• [Work instructions]: Omit all pictures. Copy exactly the lines from the line containing "Вилка б/з белая" to the end of the listing, with both ends included.

□ □ □ □ □

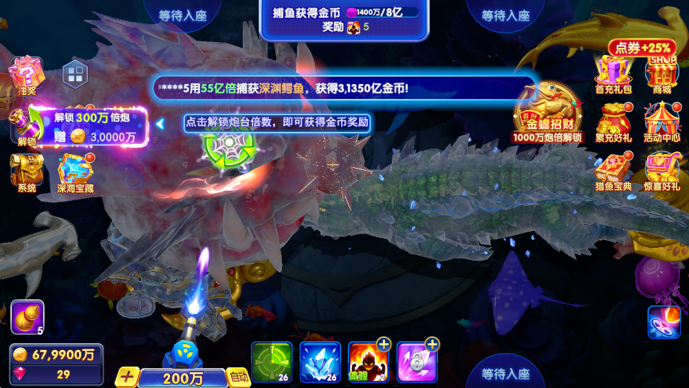 1、性能优化,修复已知bug。 2、上新鱼种【青龙】、【孔雀玄女】、【孙尚香】。 3、上新神卫【青龙】及相关活动。 4、大厅界面迭代。游戏截图
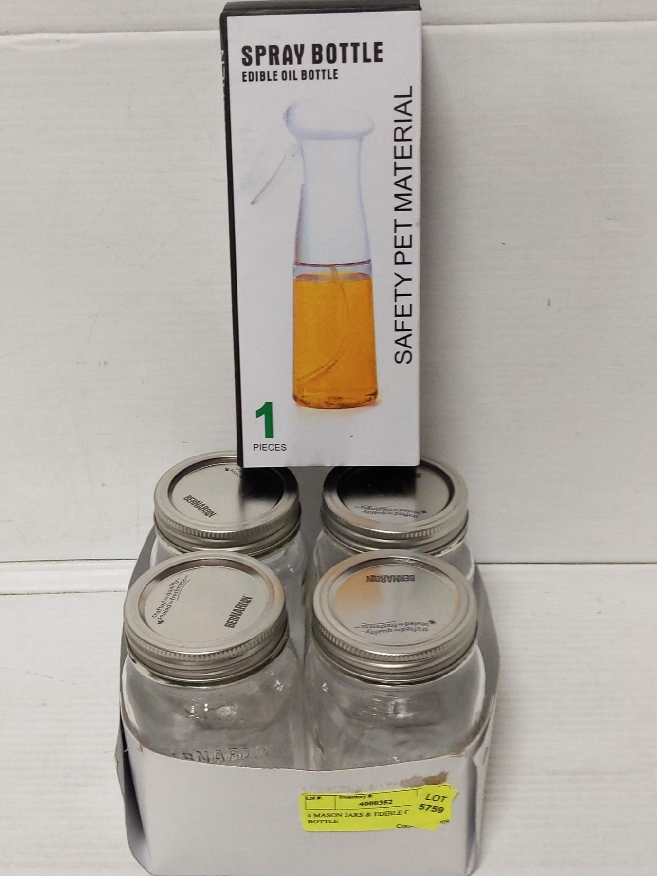 4 MASON JARS & EDIBLE OIL SPRAY BOTTLE
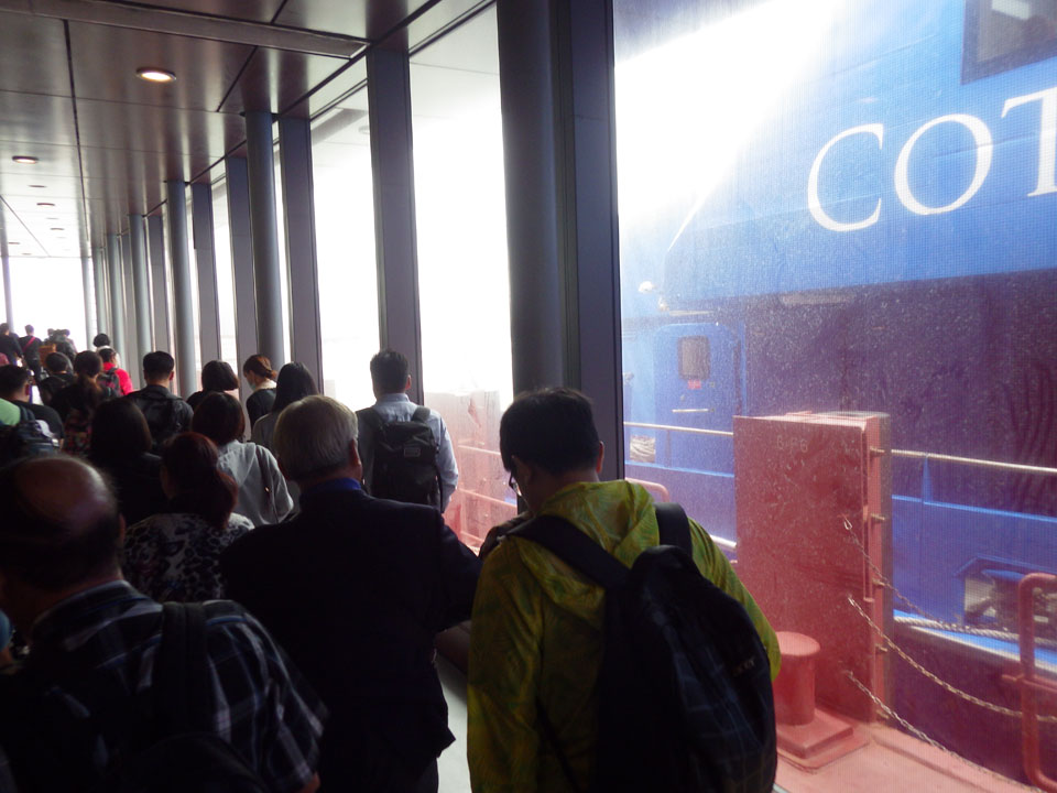Die Cotai Fähre hatte einen Service zum Hongkong Airport auch um 11:55 – also eine knappe halbe Stunde später als geplant. Ich zahlte die 256 MOP per VISA und bekam sogar meinen Boarding Pass. Viel Zeit bis zur Abreise, immer mehr Leute kamen. Die Fahrt war bei Cotai gleich schnell. In ca. 70′ waren wir am Flughafen mit viel Zeit.
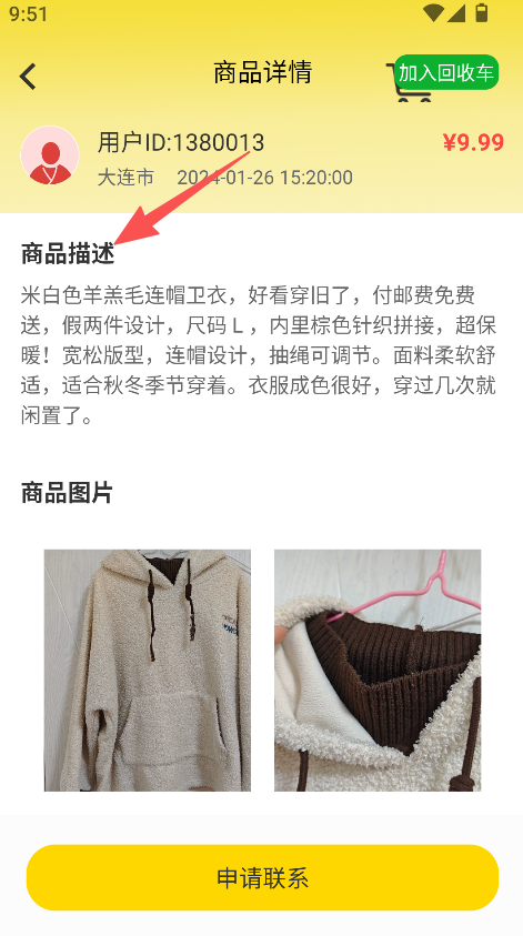 2、展示商品描述、图片等信息,提供申请联系功能,衔接商品浏览与转手沟通的全流程环节。
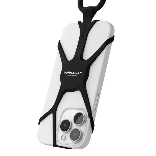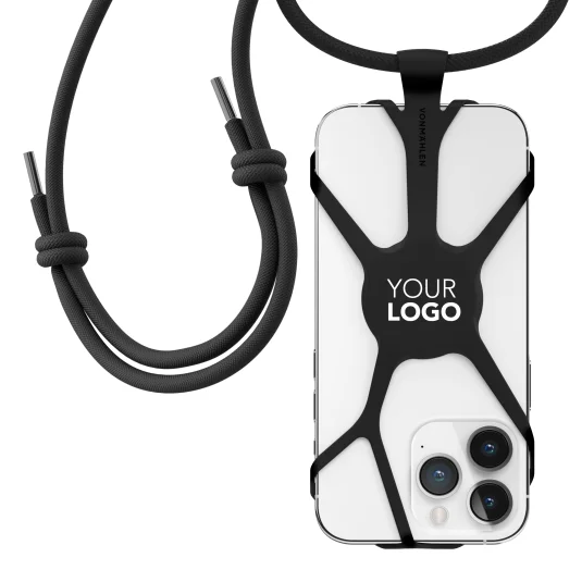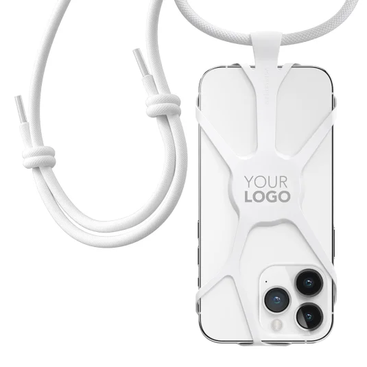 Collier pour smartphone tendance et universel en silicone résistant et cordon en nylon (55% de matériaux recyclés) réglable en longueur (jusqu'à 150 cm) avec design de nœuds, compatible avec tous les appareils mobiles courants.
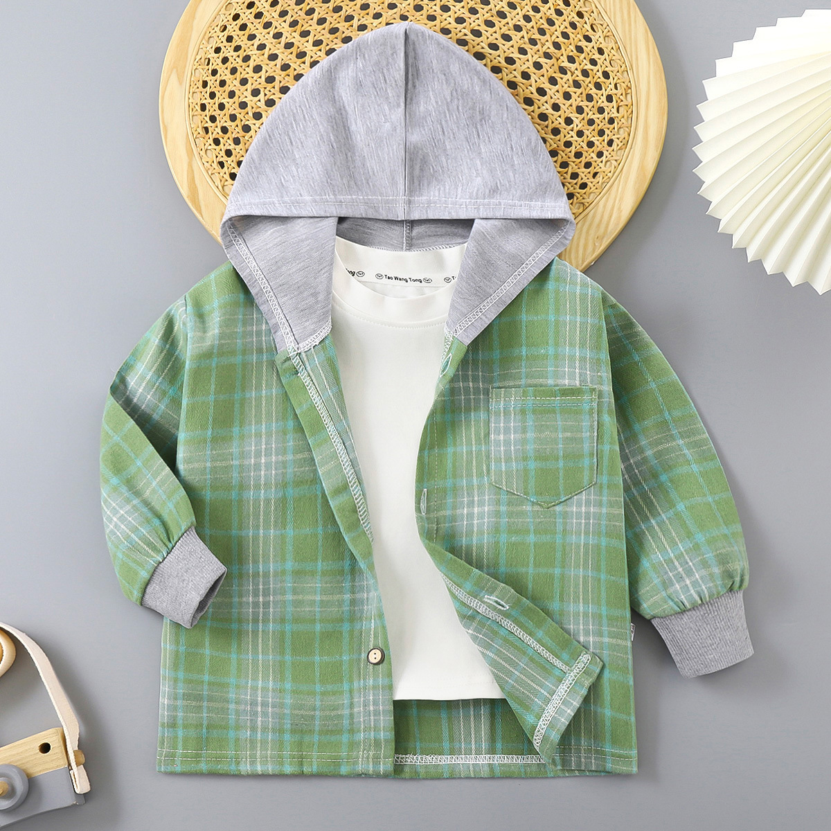 Детская рубашка с длинными рукавами Клетчатая детская весенне-осенняя одежда Топ Детский кардиган рубашка в западном стиле детская весенне-осенняя одежда с капюшоном
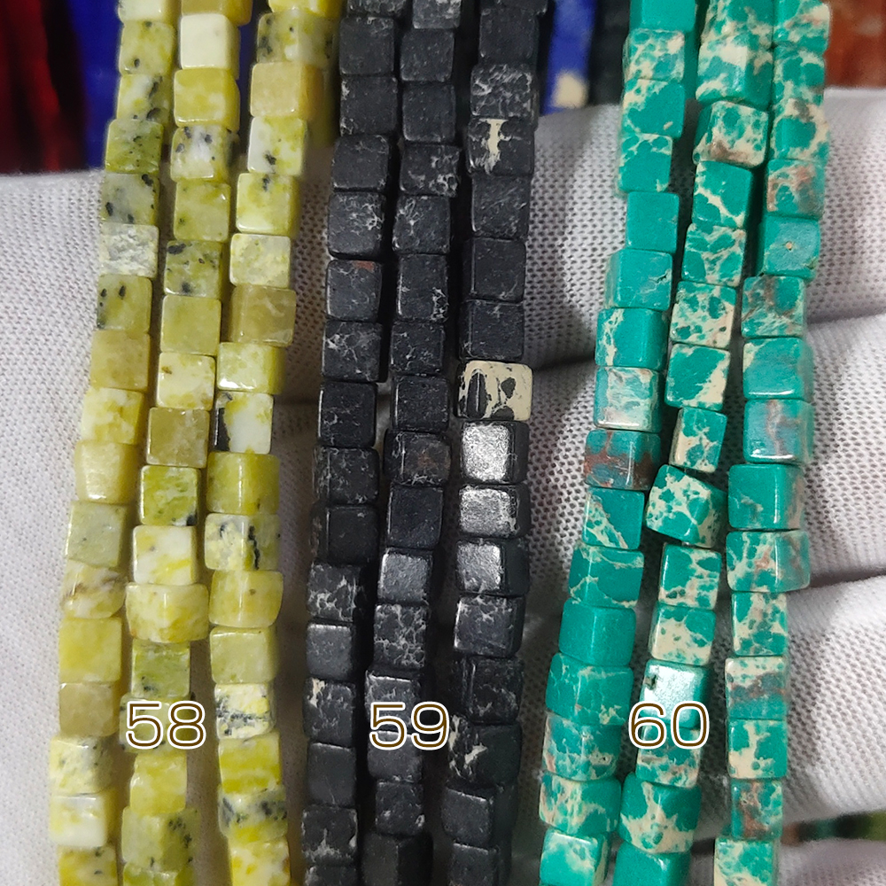天然石ビーズ 立体正方形 4×4mm (1連約38cm) 4×4mm 正方体
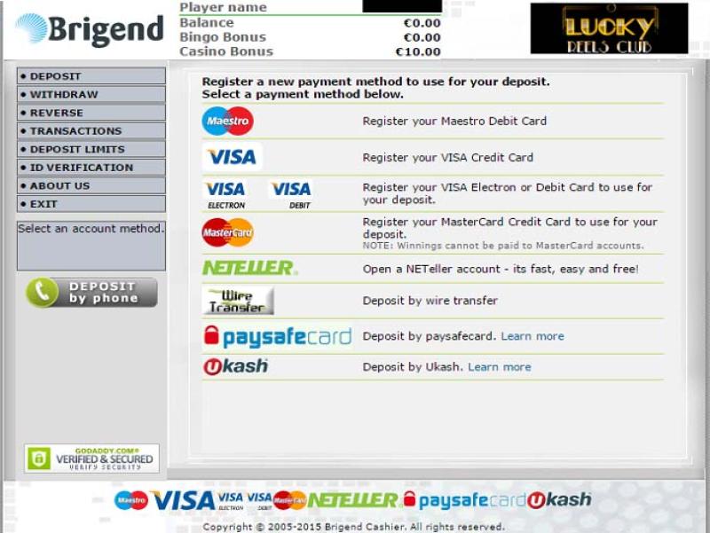 Lucky Reels Club 赌场由 Net Entertainment, Random Logic, Barcrest, Dragonfish, EYECON, Wizard Games, Blueprint Gaming, Pariplay, PartyGaming and WMS提供支持,并通过赌场的网络平台提供。该赌场还提供移动赌场,允许玩家在智能手机和平板电脑上进行游戏。Baccarat
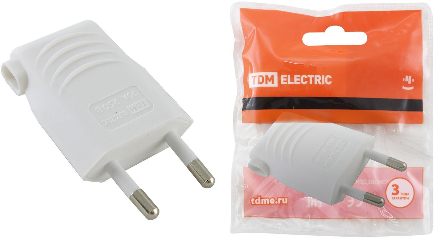 Вилка б/з белая 10А 250В (евровилка CEE 7/16) угловой вывод проводника TDM интересное:
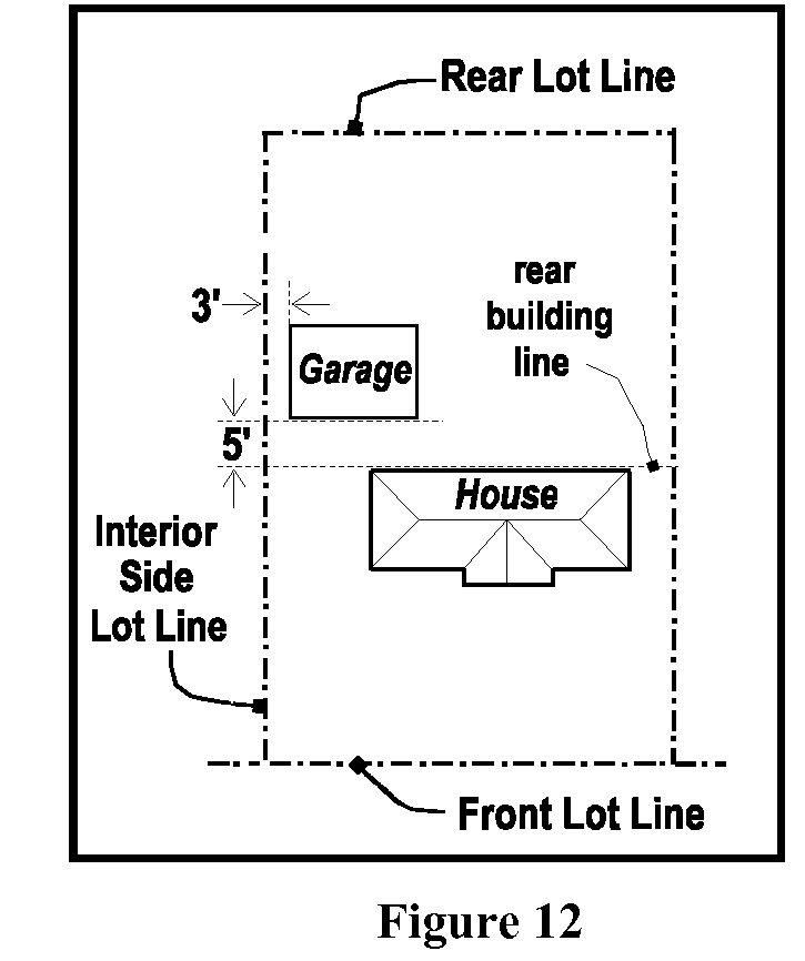 The interior side setback requirement for single-story accessory buildings located entirely five (5) or more feet beyond the rear building line of the principal building may be reduced to three (3) feet (Figure 12); and

□ □ □ □ □

• [Completed exercise]:
 Вилка б/з белая 10А 250В (евровилка CEE 7/16) угловой вывод проводника TDM интересное:
 The interior side setback requirement for single-story accessory buildings located entirely five (5) or more feet beyond the rear building line of the principal building may be reduced to three (3) feet (Figure 12); and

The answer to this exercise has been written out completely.